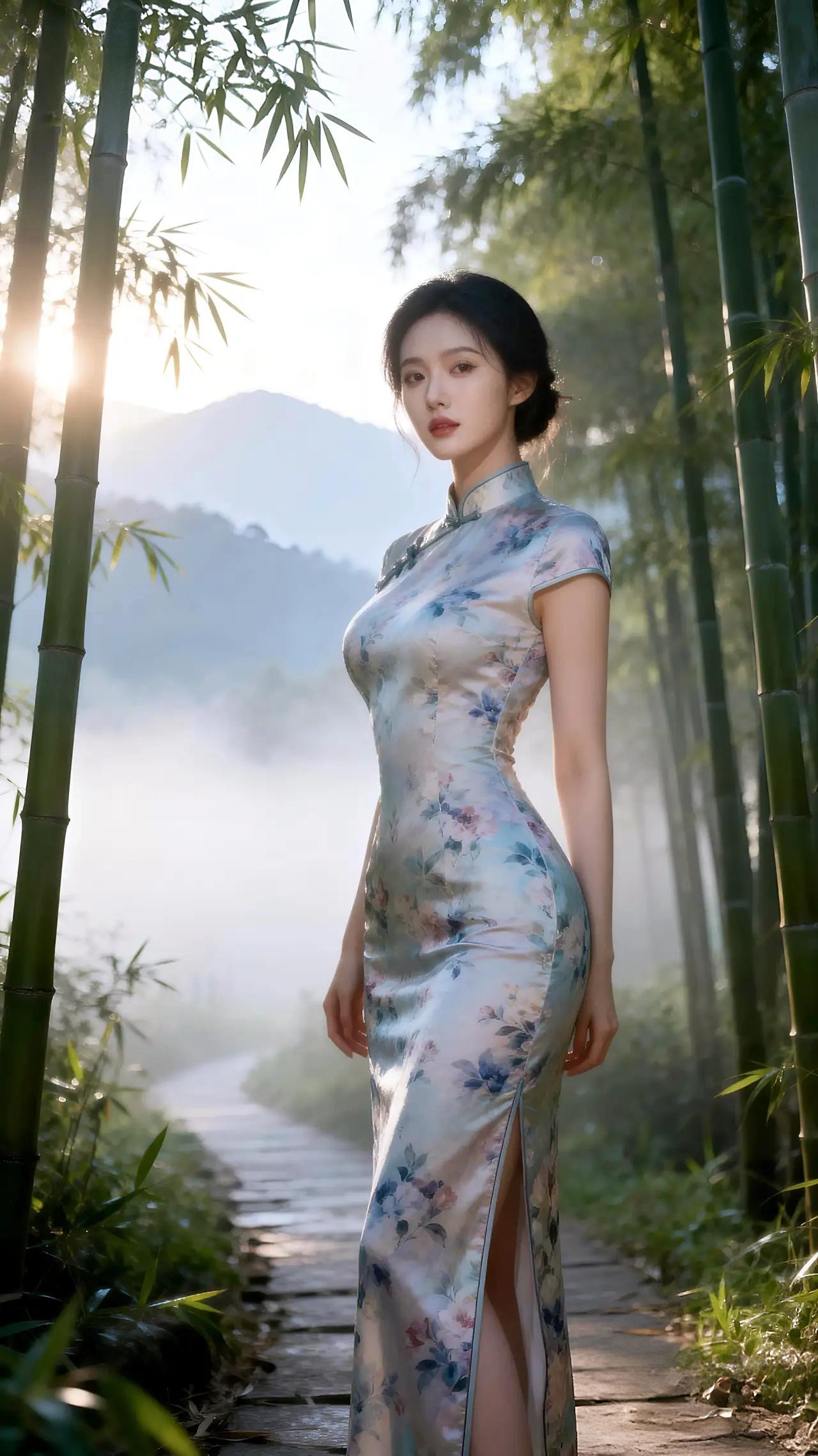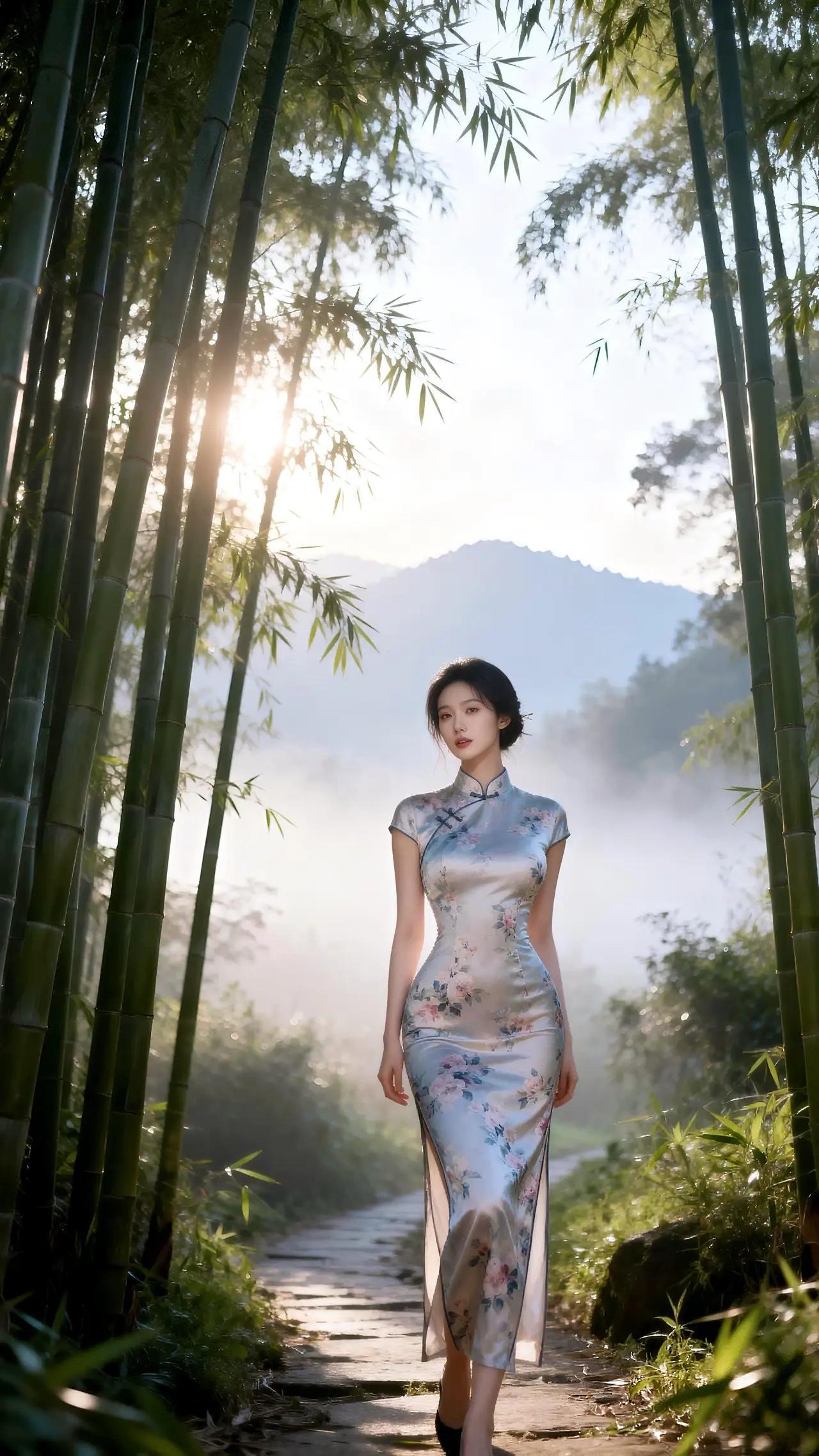 《旗袍美人:古典与自然的和谐乐章》 竹影婆娑,晨雾缭绕,一位身着旗袍的佳人静立其间。她仿佛从水墨画中走出,将东方古典美与自然景致完美融合,成为这幅画卷的灵魂所在。 旗袍,这一承载着中华文化精髓的服饰,在她的身上焕发出新的生机。浅蓝与粉色交织的布料上,牡丹与梅花竞相绽放,针脚细密如春雨润物,勾勒出她曼妙的身姿。领口处的盘扣,如蝴蝶停驻,诉说着岁月的静好;裙摆的开衩,恰似微风拂过竹林,轻盈而优雅。阳光穿透竹叶,斑驳的光影洒在旗袍之上,仿佛为这件艺术品镀上了一层金边,更添几分神秘与高贵。 她的气质与竹林相得益彰。竹,自古以来便是高洁、坚韧的象征,而她的存在,则为这片竹林注入了柔美与灵动。她轻抚竹节,指尖传来的凉意与旗袍的丝滑质感交织,仿佛在与自然进行一场无声的对话。她的发髻高挽,露出光洁的额头与修长的脖颈,宛如竹枝般挺拔;她的眼眸清澈,倒映着竹林的翠绿,流露出对这片天地的深情。 石板小路蜿蜒向前,连接着现实与梦境。她缓步其间,旗袍的下摆随风轻扬,仿佛在诉说着一个关于时光的故事。每一步都踏在历史的脉络上,每一步都留下文化的印记。远处山峦如黛,薄雾似纱,将这幅画面渲染得如梦似幻。她不语,却胜过千言万语;她静立,却胜过万般风情。 在这片竹林中,旗袍不再只是一件衣物,而是文化的载体、情感的寄托。它见证了中华服饰的演变,承载着无数女子的梦想与情怀。而她,这位旗袍美人,则用她的存在,让这份古典之美在现代社会中焕发出新的光彩。她与竹林、与自然、与历史,共同谱写出一曲和谐的乐章,让人沉醉其中,久久不愿醒来。
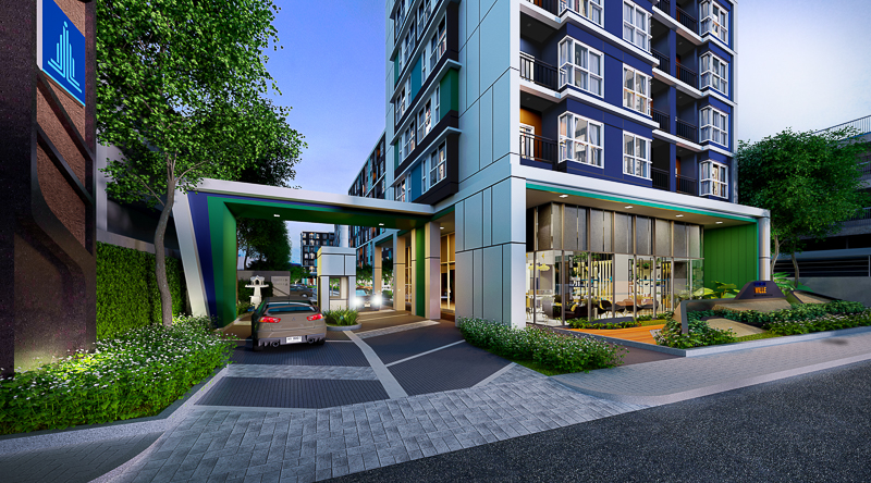 การออกแบบโครงการและวัสดุ – โครงการออกแบบมา 2 อาคาร สูง 8 ชั้น บนพื้นที่ดินขนาด 3-0-20 ไร่ อาคารรูปทรงสี่เหลี่ยมตัว L เรียบๆ สีภายนอกใช้โทนน้ำเงิน ฟ้า และเทา ตัดด้วยสีส้มอิฐ ชั้นพักอาศัยจะเริ่มที่ชั้น 2-8 Facility หลักๆจะอยู่ที่ชั้น 1 ทั้งหมด
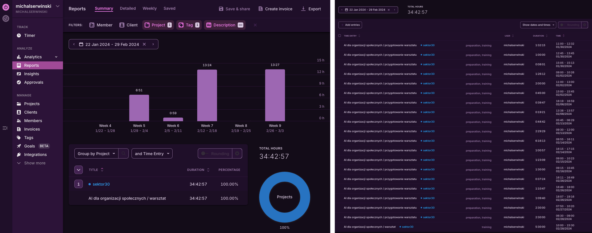 W zapale pracy często zapominamy o upływie czasu. Kiedy zależy nam na rezultatach, a konkretnie na ich jakości, upływające minuty przestają się liczyć. Przekonałem się o tym na początku ubiegłego roku podczas pracy nad cyklem nowych szkoleń o sztucznej inteligencji dla organizacji społecznych razem z lubianą przez Was autorką i koordynatorką naszych kursów e-learningowych Moniką Schmeichel-Zarzeczną. Według aplikacji Toggl przeznaczyłem na przygotowanie się 29 godzin. Samo szkolenie trwało pięć. Wpisy dodatkowo oznaczałem tagami, które oznaczały przygotowanie do szkolenia i samo jego przeprowadzenie. Filtrowanie w łatwy sposób umożliwia wyciągnięcie danych.
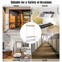 3 in 1 Industrial Coat Rack with 2-tier Storage Bench and 5 Hooks-Natural by SUNRINX

§ **REQUIRED WORK**: Leave the images out and transcribe the rest of the material exactly.

§ **ANSWER TO THE EXERCISE**:
 《旗袍美人:古典与自然的和谐乐章》 竹影婆娑,晨雾缭绕,一位身着旗袍的佳人静立其间。她仿佛从水墨画中走出,将东方古典美与自然景致完美融合,成为这幅画卷的灵魂所在。 旗袍,这一承载着中华文化精髓的服饰,在她的身上焕发出新的生机。浅蓝与粉色交织的布料上,牡丹与梅花竞相绽放,针脚细密如春雨润物,勾勒出她曼妙的身姿。领口处的盘扣,如蝴蝶停驻,诉说着岁月的静好;裙摆的开衩,恰似微风拂过竹林,轻盈而优雅。阳光穿透竹叶,斑驳的光影洒在旗袍之上,仿佛为这件艺术品镀上了一层金边,更添几分神秘与高贵。 她的气质与竹林相得益彰。竹,自古以来便是高洁、坚韧的象征,而她的存在,则为这片竹林注入了柔美与灵动。她轻抚竹节,指尖传来的凉意与旗袍的丝滑质感交织,仿佛在与自然进行一场无声的对话。她的发髻高挽,露出光洁的额头与修长的脖颈,宛如竹枝般挺拔;她的眼眸清澈,倒映着竹林的翠绿,流露出对这片天地的深情。 石板小路蜿蜒向前,连接着现实与梦境。她缓步其间,旗袍的下摆随风轻扬,仿佛在诉说着一个关于时光的故事。每一步都踏在历史的脉络上,每一步都留下文化的印记。远处山峦如黛,薄雾似纱,将这幅画面渲染得如梦似幻。她不语,却胜过千言万语;她静立,却胜过万般风情。 在这片竹林中,旗袍不再只是一件衣物,而是文化的载体、情感的寄托。它见证了中华服饰的演变,承载着无数女子的梦想与情怀。而她,这位旗袍美人,则用她的存在,让这份古典之美在现代社会中焕发出新的光彩。她与竹林、与自然、与历史,共同谱写出一曲和谐的乐章,让人沉醉其中,久久不愿醒来。
 การออกแบบโครงการและวัสดุ – โครงการออกแบบมา 2 อาคาร สูง 8 ชั้น บนพื้นที่ดินขนาด 3-0-20 ไร่ อาคารรูปทรงสี่เหลี่ยมตัว L เรียบๆ สีภายนอกใช้โทนน้ำเงิน ฟ้า และเทา ตัดด้วยสีส้มอิฐ ชั้นพักอาศัยจะเริ่มที่ชั้น 2-8 Facility หลักๆจะอยู่ที่ชั้น 1 ทั้งหมด
 W zapale pracy często zapominamy o upływie czasu. Kiedy zależy nam na rezultatach, a konkretnie na ich jakości, upływające minuty przestają się liczyć. Przekonałem się o tym na początku ubiegłego roku podczas pracy nad cyklem nowych szkoleń o sztucznej inteligencji dla organizacji społecznych razem z lubianą przez Was autorką i koordynatorką naszych kursów e-learningowych Moniką Schmeichel-Zarzeczną. Według aplikacji Toggl przeznaczyłem na przygotowanie się 29 godzin. Samo szkolenie trwało pięć. Wpisy dodatkowo oznaczałem tagami, które oznaczały przygotowanie do szkolenia i samo jego przeprowadzenie. Filtrowanie w łatwy sposób umożliwia wyciągnięcie danych.
 3 in 1 Industrial Coat Rack with 2-tier Storage Bench and 5 Hooks-Natural by SUNRINX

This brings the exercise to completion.